Leur sécurité étant établie, les Villains se sont transformés en tyrans. Évidemment, ils ne produisaient qu'une partie de ce dont ils avaient besoin. Le reste, ils l'achetaient aux gens de l'extérieur, le troquaient aussi parfois contre la possibilité de se mettre à l'abri en cas d'attaque. Puis, ils ont payé de moins en moins et les trocs sont devenus du vol jusqu'à ce que les Campagnards décident de stopper les échanges.

Les Villains ont alors envoyé leurs Milices, mais quand elles sont entrées dans les campagnes, elles ont trouvé les lieux désertés. Vois-tu, un des chefs Campagnards était ce que l'on a, par la suite, appelé un Différent. Lui, savait prédire beaucoup de choses avec précision. Après de longs mois de conflits et de lourdes pertes de part et d'autre, fut décidée une trêve. Les Villains agrandirent leurs forteresses et une partie de leur population s'exila hors des murs. Ils construisirent des agglomérations plus petites, toutes équipées d'un système de défense, chacune ayant sa spécialité. Ces villages, construits dans un rayon proche fournissaient le nécessaire, en grande partie. Or, ces villages recommencèrent à échanger avec les Campagnards. Rapidement, des bruits se mirent à circuler. On commença à parler des étranges aptitudes des Gens de l'Extérieur. Ensuite, sont arrivés des enquêteurs, à l’affût d'une confidence ou d'une parole échappée. Puis il y a eu les enlèvements, les exécutions. On retrouva Armel, le chef visionnaire, dans sa ferme, battu à mort, sa femme et leurs deux enfants, pendus dans le salon. Les corps furent installés côte à côte dans la pièce et l'on brûla la maison. Personne n'aurait eu le cœur de s'installer en ce lieu maudit.

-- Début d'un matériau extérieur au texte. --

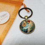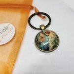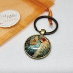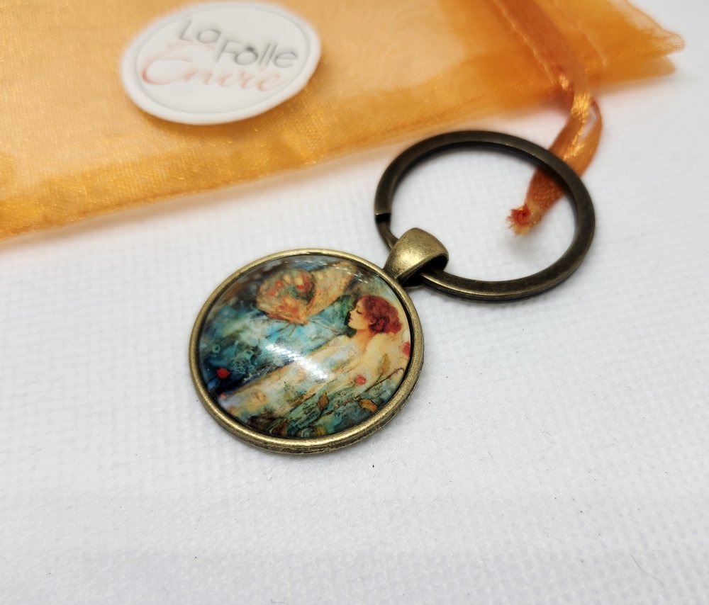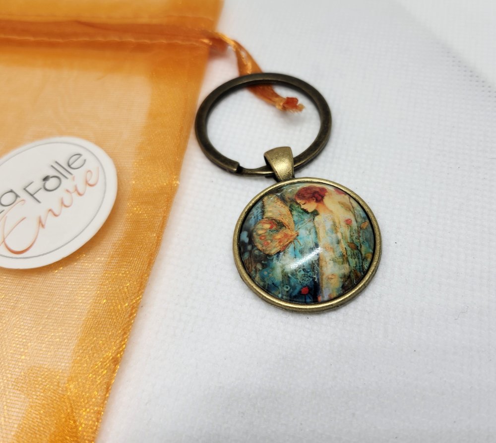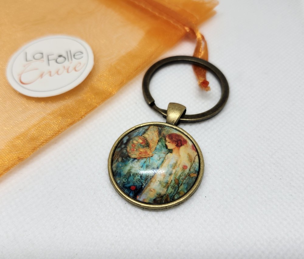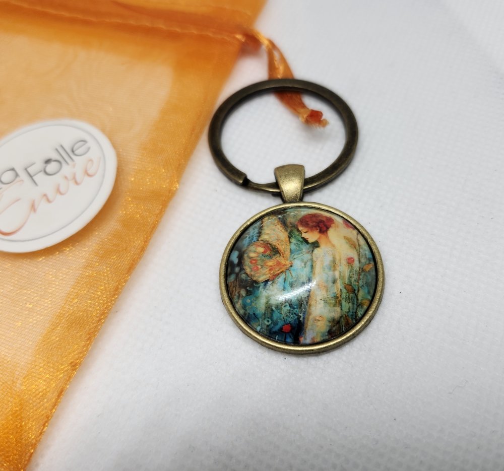 Je vous propose une de mes créations. Joli porte-clé en métal couleur bronze et cabochon en verre 25mm. Motif jeune fille au papillon. PIÈCE UNIQUE.

Ce fut le début de la révolte.

— Mais pourquoi Armel n'a-t-il pas deviné ce qui allait leur arriver ?

— On a beaucoup débattu sur ce sujet. Il semble que ce genre de don ne fonctionne pas tout le temps.

— Dans mon cas, c'est juste. Quelques fois, j'ai beau me concentrer, je ne fais pas la moindre étincelle. D'autres fois, ça m'échappe.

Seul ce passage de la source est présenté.